In order to fight fraud, Vega says that most financial institutions offer a variety of authentication and approval methods to their customers and they monitor transactions in real time. Some of the methods include second-factor authentication (second password, token, OTP), double participation or segregation of duties (one for including transactions and other for approve them), limits per transaction, behavioral rules on the customer profile, among others methods of protection.

“Same-day ACH transactions are possible because we have a small network of banks that are all connected to the Central Bank of Colombia (similar to the Federal Reserve in the US), and this is crucial when it comes to guaranteeing that the funds will actually be paid” said Vega.

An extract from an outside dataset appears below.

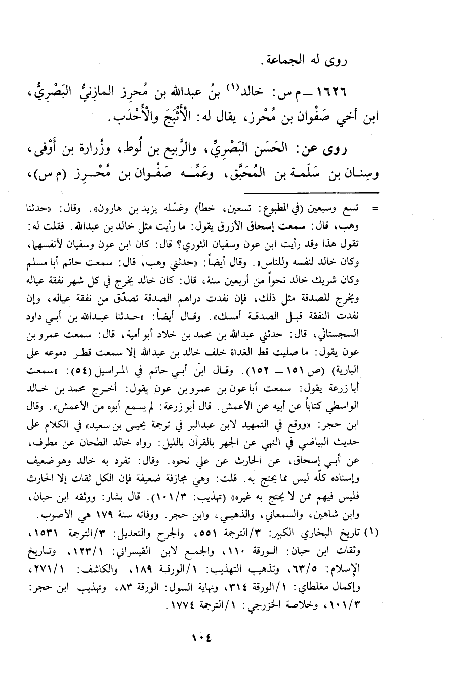 1626 - من س: خالد بن عَبد اللَّهِ بن محرز المازني البَصْرِيّ (1) ، ابْن أخي صفوان بْن محرز، يقَالَ لَهُ: الأثبج والأحدب.

In the US, the situation couldn’t be more different. The banking environment is enormous compared to other countries as there are 6,799 commercial banks in the United States connected to the Federal Reserve, and 90% of adults have at least one bank account. With millions of transactions being processed daily, posting and clearing ACH transactions would significantly reduce the window to detect anomalies in transactions, from 2 days to 2 hours! As a result, banks will see increasingly more fraud unless they are prepared to scale their fraud operations. As you may have guessed, this is especially more challenging for community banks and credit unions.

The ever evolving business environment is forcing the financial sector to become more agile and as a result, technological innovation will make this possible. Keeping in mind that making same-day ACH transactions will require an important overhaul of the payment system, there are some key actions banks can take to prepare for it. As a basic level, banks will have to invest to update their backrooms and upgrade fraud operations and systems as well as implement strong authentication methods and transaction monitoring. At the end, it will come down to finding a balance between increased resources and accepting additional risk of electronic fraud.